**What you have to do**
Within the records below, find the line with "リチウム電池内蔵 ワンタッチ操作 自動加圧タイプ" and the line with "袁松同学因防疫值班需要在坚守的工作岗位上吃饭", then reproduce exactly those two lines and all lines between them, without any picture.

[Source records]
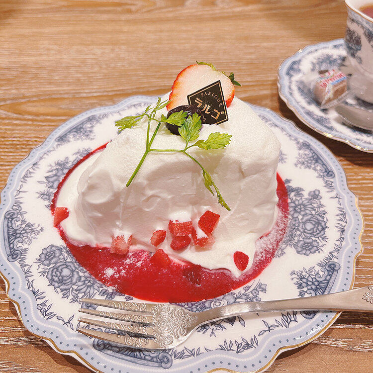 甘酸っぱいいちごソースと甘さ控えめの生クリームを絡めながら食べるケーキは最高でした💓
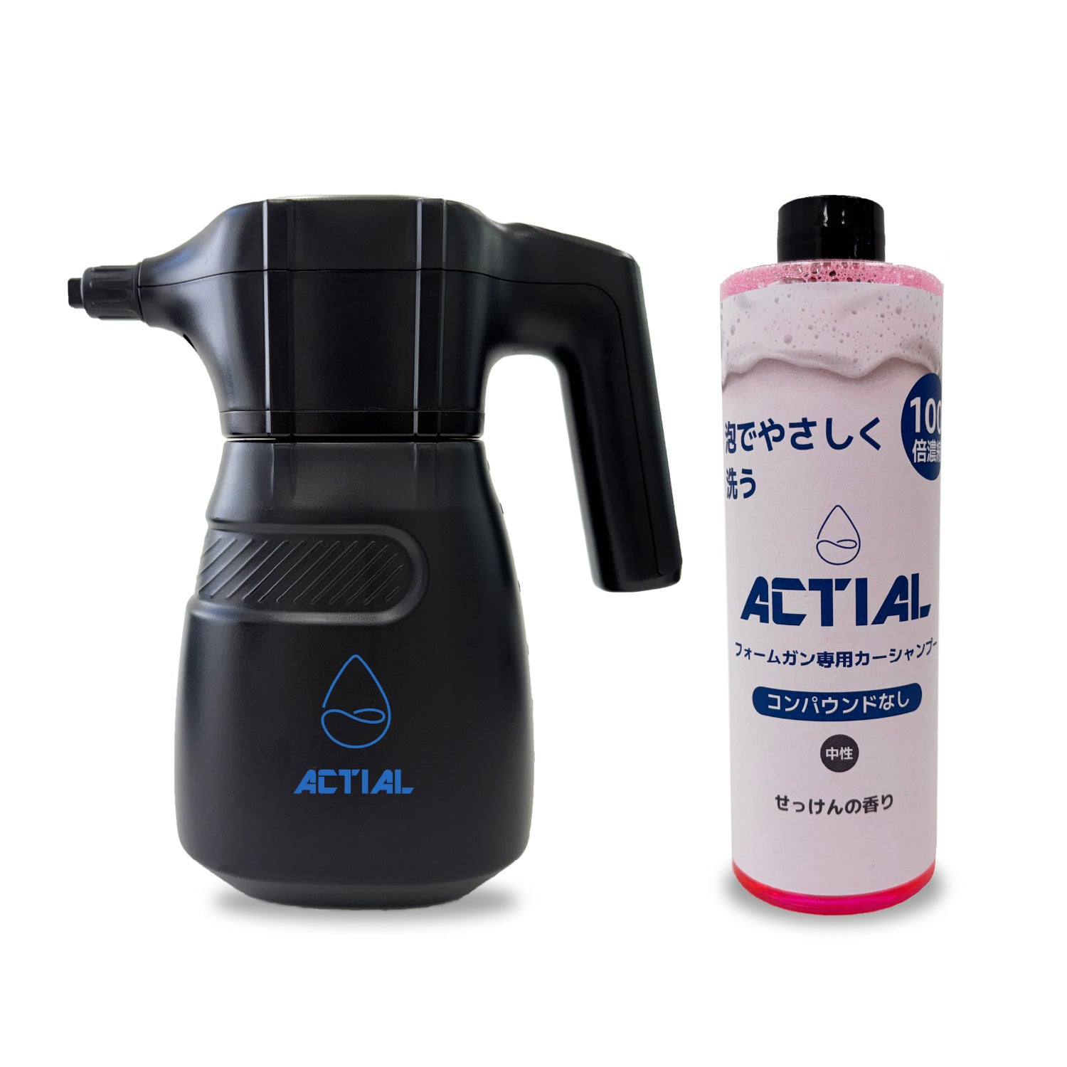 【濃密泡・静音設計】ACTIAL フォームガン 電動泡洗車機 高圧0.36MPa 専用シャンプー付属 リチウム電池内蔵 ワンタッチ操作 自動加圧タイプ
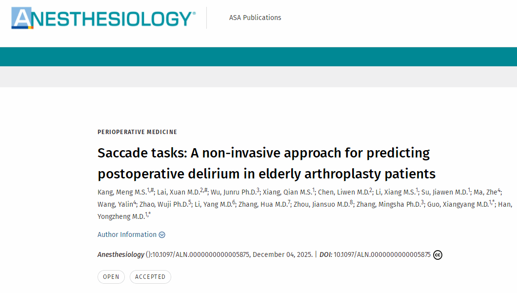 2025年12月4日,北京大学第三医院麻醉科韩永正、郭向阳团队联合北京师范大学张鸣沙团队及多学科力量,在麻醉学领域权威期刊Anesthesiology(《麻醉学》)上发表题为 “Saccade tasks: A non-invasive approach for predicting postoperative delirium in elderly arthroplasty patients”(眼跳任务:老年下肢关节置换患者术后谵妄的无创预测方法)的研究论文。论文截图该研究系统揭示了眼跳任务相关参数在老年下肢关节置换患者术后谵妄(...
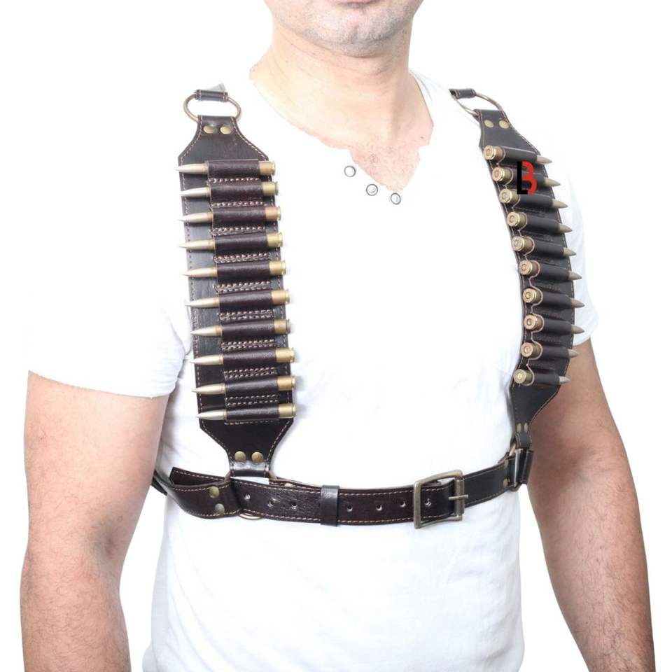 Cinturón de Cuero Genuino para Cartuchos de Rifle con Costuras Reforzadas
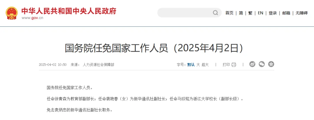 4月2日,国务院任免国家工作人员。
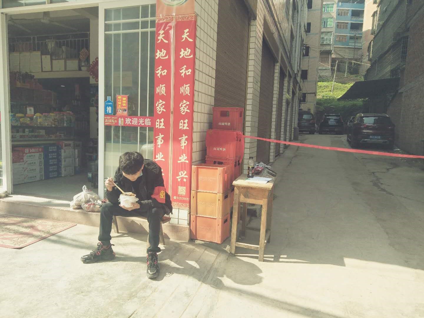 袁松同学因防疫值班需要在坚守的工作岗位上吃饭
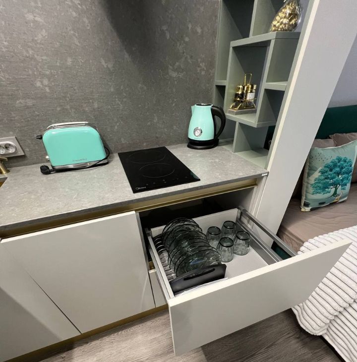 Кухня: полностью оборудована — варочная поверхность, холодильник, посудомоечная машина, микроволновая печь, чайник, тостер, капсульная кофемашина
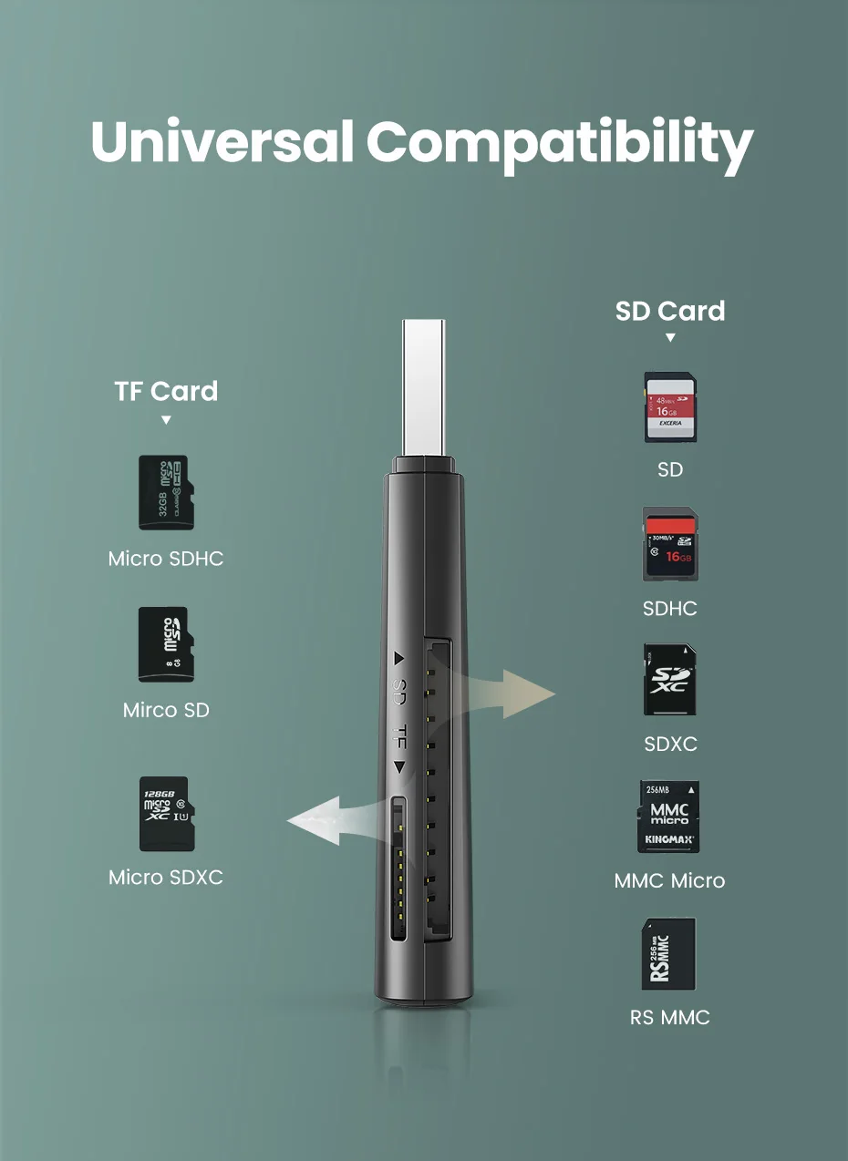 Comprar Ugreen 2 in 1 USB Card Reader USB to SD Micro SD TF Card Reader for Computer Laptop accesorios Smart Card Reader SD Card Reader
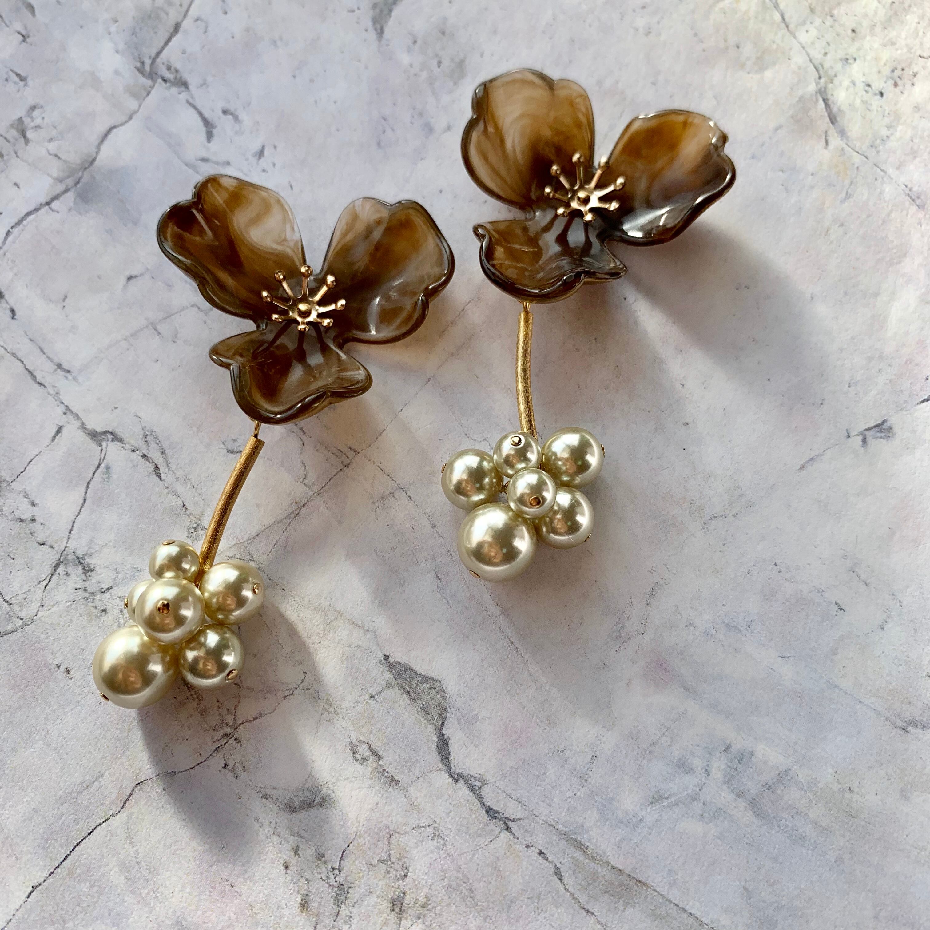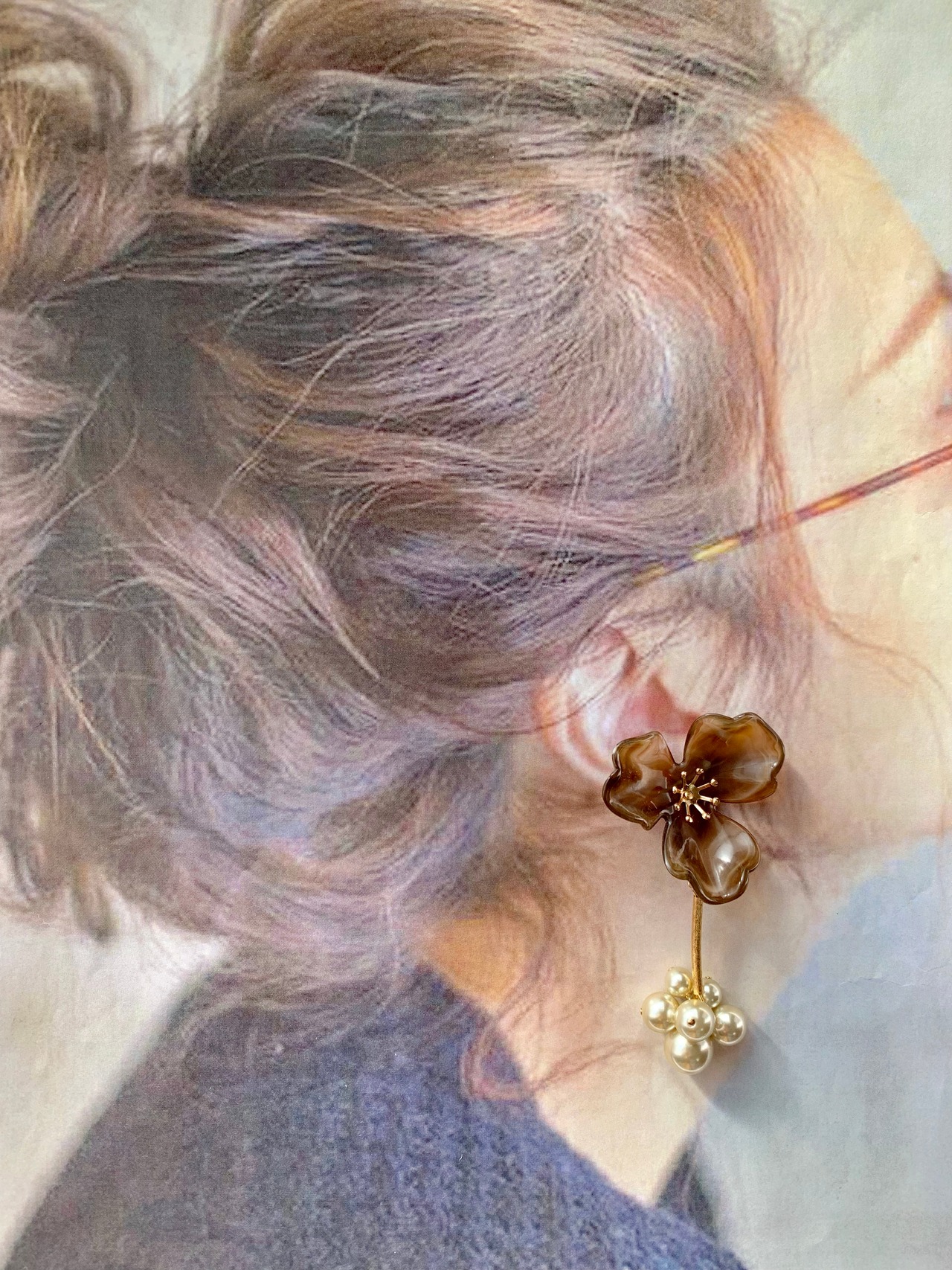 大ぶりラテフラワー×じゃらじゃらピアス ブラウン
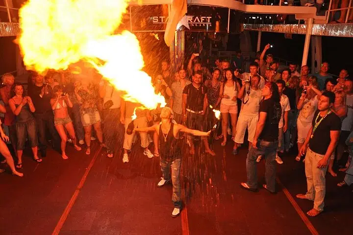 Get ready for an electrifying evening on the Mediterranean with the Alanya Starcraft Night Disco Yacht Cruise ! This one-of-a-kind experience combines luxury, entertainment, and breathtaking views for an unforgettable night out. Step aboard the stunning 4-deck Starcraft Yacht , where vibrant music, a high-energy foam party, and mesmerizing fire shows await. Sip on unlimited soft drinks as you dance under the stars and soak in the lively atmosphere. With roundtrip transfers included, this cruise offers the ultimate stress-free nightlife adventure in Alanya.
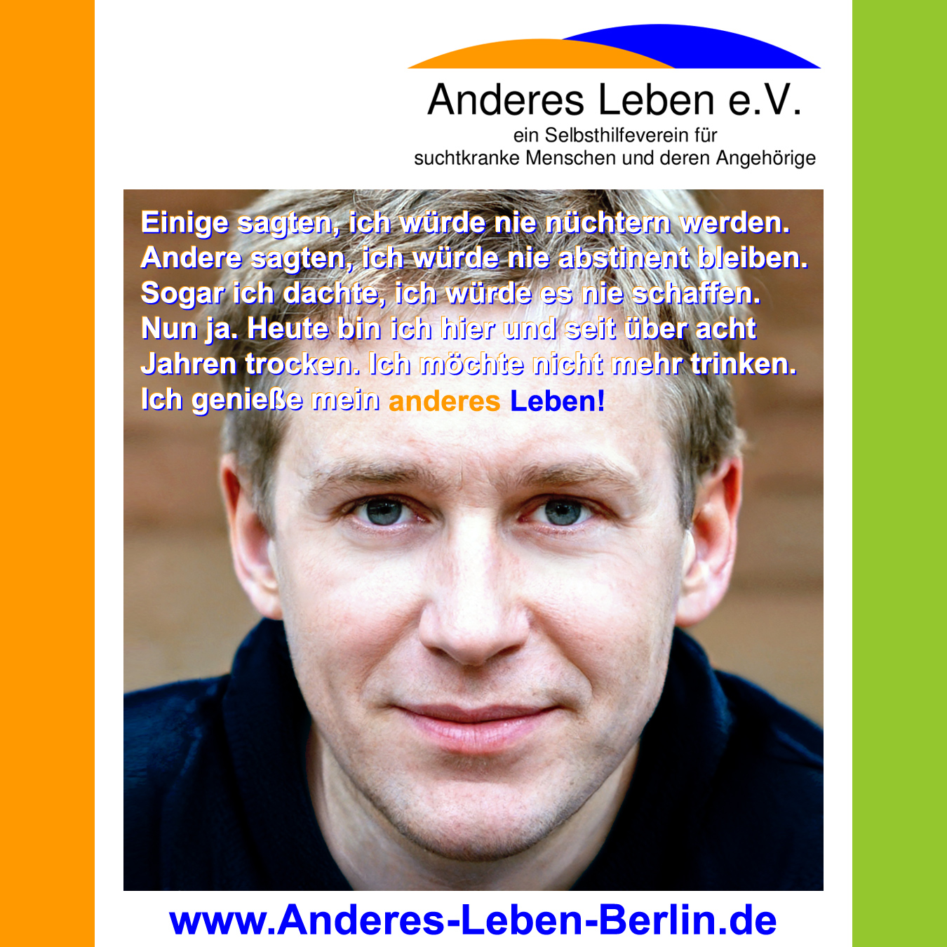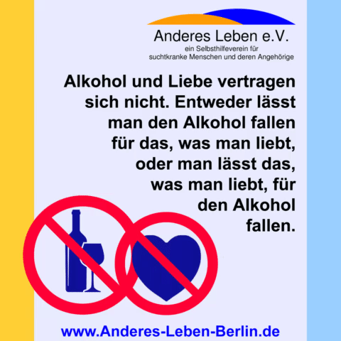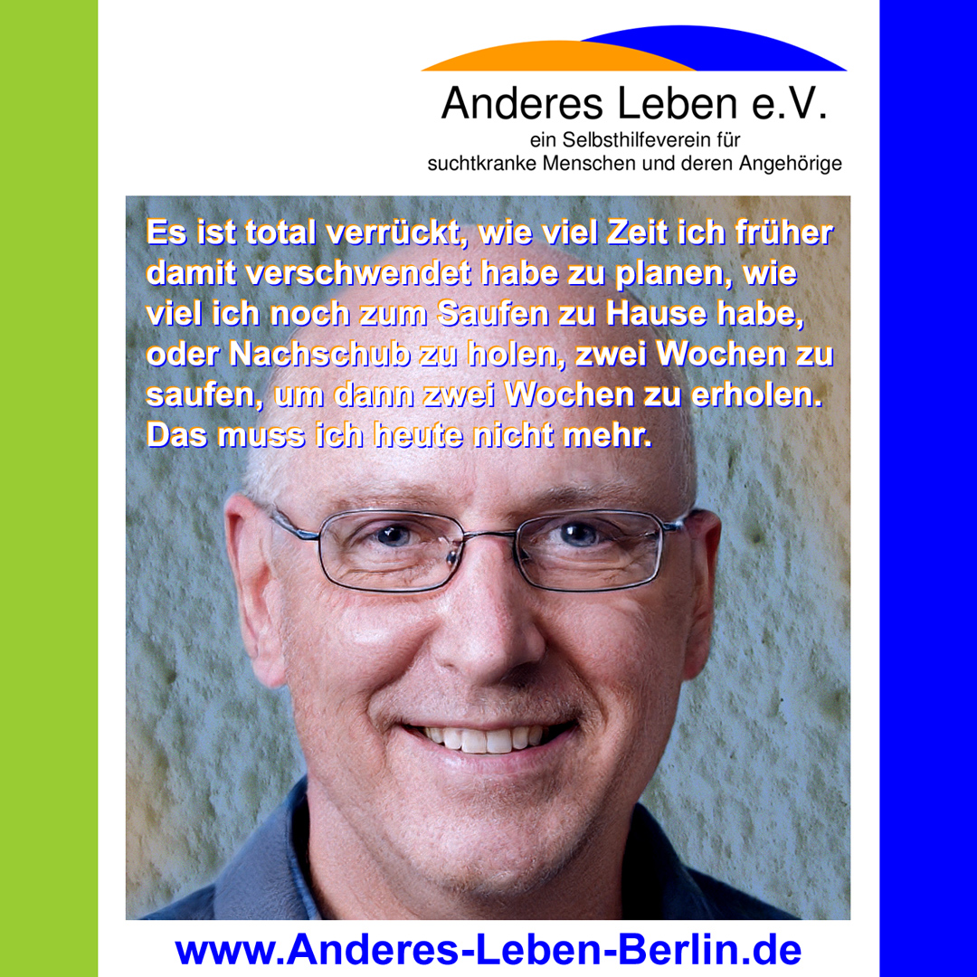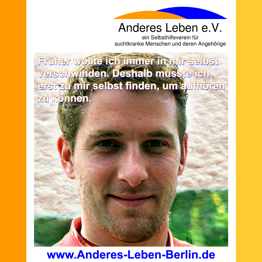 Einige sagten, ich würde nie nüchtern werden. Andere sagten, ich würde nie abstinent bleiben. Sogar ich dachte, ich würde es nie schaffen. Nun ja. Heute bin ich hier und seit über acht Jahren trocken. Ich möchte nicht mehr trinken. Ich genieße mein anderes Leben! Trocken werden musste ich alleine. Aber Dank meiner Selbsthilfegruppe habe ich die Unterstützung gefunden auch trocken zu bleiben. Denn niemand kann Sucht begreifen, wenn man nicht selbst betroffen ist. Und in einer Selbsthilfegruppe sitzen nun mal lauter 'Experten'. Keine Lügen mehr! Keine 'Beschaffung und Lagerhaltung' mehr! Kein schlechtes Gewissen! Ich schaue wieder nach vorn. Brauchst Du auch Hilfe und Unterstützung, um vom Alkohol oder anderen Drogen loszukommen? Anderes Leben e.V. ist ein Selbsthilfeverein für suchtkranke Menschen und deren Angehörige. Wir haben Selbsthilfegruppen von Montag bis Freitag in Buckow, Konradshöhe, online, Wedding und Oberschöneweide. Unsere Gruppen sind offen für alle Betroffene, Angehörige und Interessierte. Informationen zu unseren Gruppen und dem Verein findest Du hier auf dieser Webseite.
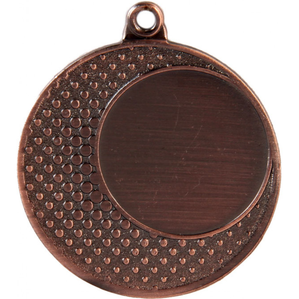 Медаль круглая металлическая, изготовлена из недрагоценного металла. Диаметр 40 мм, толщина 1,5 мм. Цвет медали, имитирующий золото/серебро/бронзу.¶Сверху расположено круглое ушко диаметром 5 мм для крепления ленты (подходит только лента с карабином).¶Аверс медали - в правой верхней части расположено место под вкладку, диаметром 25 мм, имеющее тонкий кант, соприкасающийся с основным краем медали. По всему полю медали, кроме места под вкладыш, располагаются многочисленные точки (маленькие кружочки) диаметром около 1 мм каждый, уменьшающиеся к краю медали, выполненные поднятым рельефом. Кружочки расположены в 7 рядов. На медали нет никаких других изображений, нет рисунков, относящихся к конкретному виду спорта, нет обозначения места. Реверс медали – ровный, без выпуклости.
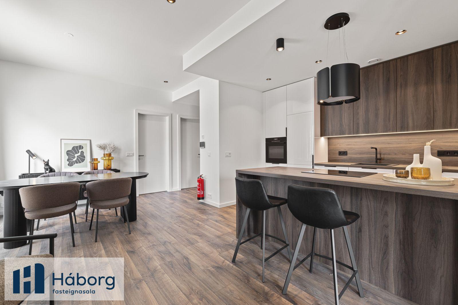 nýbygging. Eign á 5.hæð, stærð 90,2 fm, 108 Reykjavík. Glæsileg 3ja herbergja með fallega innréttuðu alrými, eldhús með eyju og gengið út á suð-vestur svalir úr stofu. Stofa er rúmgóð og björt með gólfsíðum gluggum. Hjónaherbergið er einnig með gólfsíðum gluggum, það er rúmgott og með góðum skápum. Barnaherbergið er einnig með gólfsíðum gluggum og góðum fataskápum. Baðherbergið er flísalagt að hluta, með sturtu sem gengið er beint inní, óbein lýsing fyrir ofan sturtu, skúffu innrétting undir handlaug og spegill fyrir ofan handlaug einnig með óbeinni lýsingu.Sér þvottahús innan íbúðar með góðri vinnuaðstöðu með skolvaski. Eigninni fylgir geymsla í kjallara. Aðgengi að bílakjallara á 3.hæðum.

**Solution for this exercise**
 【濃密泡・静音設計】ACTIAL フォームガン 電動泡洗車機 高圧0.36MPa 専用シャンプー付属 リチウム電池内蔵 ワンタッチ操作 自動加圧タイプ
 2025年12月4日,北京大学第三医院麻醉科韩永正、郭向阳团队联合北京师范大学张鸣沙团队及多学科力量,在麻醉学领域权威期刊Anesthesiology(《麻醉学》)上发表题为 “Saccade tasks: A non-invasive approach for predicting postoperative delirium in elderly arthroplasty patients”(眼跳任务:老年下肢关节置换患者术后谵妄的无创预测方法)的研究论文。论文截图该研究系统揭示了眼跳任务相关参数在老年下肢关节置换患者术后谵妄(...
 Cinturón de Cuero Genuino para Cartuchos de Rifle con Costuras Reforzadas
 4月2日,国务院任免国家工作人员。
 袁松同学因防疫值班需要在坚守的工作岗位上吃饭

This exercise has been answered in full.